The remaining upper teeth, anterior and posterior to the first premolar, progress by mistake. The absence of one or more of the six results is proportional to less normal occlusion. Of course, one can observe and find models that have disadvantages, such as the need for adequate contacts, but there are dental, non-orthodontic problems. Sometimes there are intermediate weighting solutions and this poses a real challenge to the orthodontist's professional judgment.

As responsible professionals, we are here to try to achieve maximum benefit for our patients. We do not have best examples, to imitate the best of nature, and in the absence of an anomaly beyond our control, why should it be accepted?

A -IClass; b -IIClass-Isubclass; V -IIClass-IIsubclass; G -IIIClass.

Rice. eleven. Angle's classification.

In class I, there is correct fissure-tubercle contact of the lateral teeth, when the mesiobuccal cusp of the upper first permanent molar is in the anterior intercuspal groove of the lower first permanent molar. It is characterized by normal closure of the molars in the sagittal plane. All changes occur in front of the first molars (Fig. 11 a).

Satisfactory orthodontic treatment involves many disciplines, not all of which are always under our control. There are acceptable compromise treatments when patient cooperation and inheritance are required. It should not be taken unless there are any restrictions on treatment.

Since nature's non-orthodontic models provide beautiful and uniform guidelines, it seems that we should, if possible, allow these guidelines to be our measures for satisfactory orthodontic treatment. The goal of following the six keys of normal occlusion is to achieve the desired final occlusion.
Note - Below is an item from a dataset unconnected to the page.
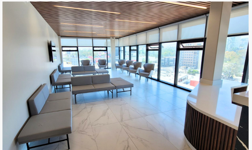
Hospital AZAR® waiting area

Each floor of Hospital AZAR is equipped with its own fully-stocked pharmacy and an around-the-clock team of expert, bilingual nursing staff. On the top floor, four spacious operating rooms are dedicated to carrying out gastric sleeve , gastric bypass, and other bariatric procedures. AZAR is one of the few facilities in Mexico to house its own departments for Fluoroscopy (x-ray), Endoscopy, and Radiology, as well as an Intensive-Care Unit (ICU).
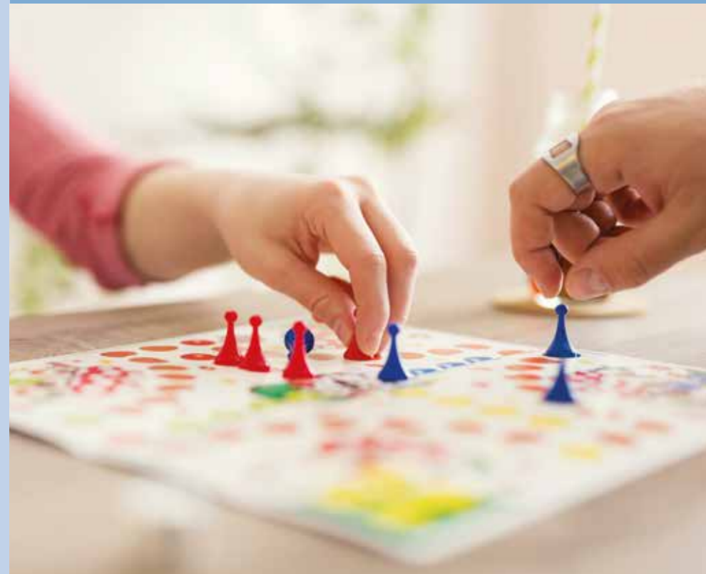
Board game zone

Your search for peace and relaxation ends here at our Sunken Deck where the view is memorises you.

In class II, there is a posterior position of the lower first permanent molar relative to the upper one. The mesiobuccal cusp of the maxillary first molar is located anterior to the intercuspal groove of the mandibular first molar.

Engle divides this class into two subclasses. For subclass I, protrusion of the upper front teeth is typical, and for subclass II, retrusion is typical. Characteristic of distal occlusion (Fig. 11 b).

Six keys to normal occlusion. Applied Operative Dentistry Introduction The term occlusion comes from the Latin occlusion, which can be defined as the act of closing or closing. Esch and Ramfjord  In dentistry, this concept extends to the functional relationship between teeth and other components of the dental system. Occlusion The occlusal relationship between the maxillary and mandibular arch occurs through dental contacts on the surfaces of opposing teeth. Dental contacts, in harmony, provide occlusal stability of the archwire. Concepts in Occlusion  Central occlusion  It is the maximum intercussion between the arches.  Also called maximal habitual intercussion or central occlusion.  Central relationship  It is the most anterior superior position of the condyle in the Glenoid cavity. Dislocations  When making occlusal adjustments, we must also consider ideal patterns of maladaptation.  Working side  The side on which the jaw moves.  Side of rotation  Contrary to where the jaw moves. Defect as a group  Partial functional defect of the group  In addition to the dog, the premolars are trolled.  Desocclusion in general group function  Premolars and molars are affected in addition to the dog. Clinical stages of occlusal correction. Intermaxial marking with carbon paper in dynamics.  Previous guides and back insulation.  Wear off excess carbon with spherical diamond drills.  Regularization of worn areas using 30-blade conical burr or low granulation diamonds. Occlusion is a feminine noun in Portuguese and means the act or action of closing, preventing natural flow with purposeful blocking or closing.

In class III, there is an anterior position of the lower first permanent molar relative to the upper one. The mesiobuccal cusp of the lower molar is set opposite the cusp of the second upper premolar or even more mesial. Characteristic of mesial occlusion (Fig. 11c).

Lawrence Andrews described ideal occlusion.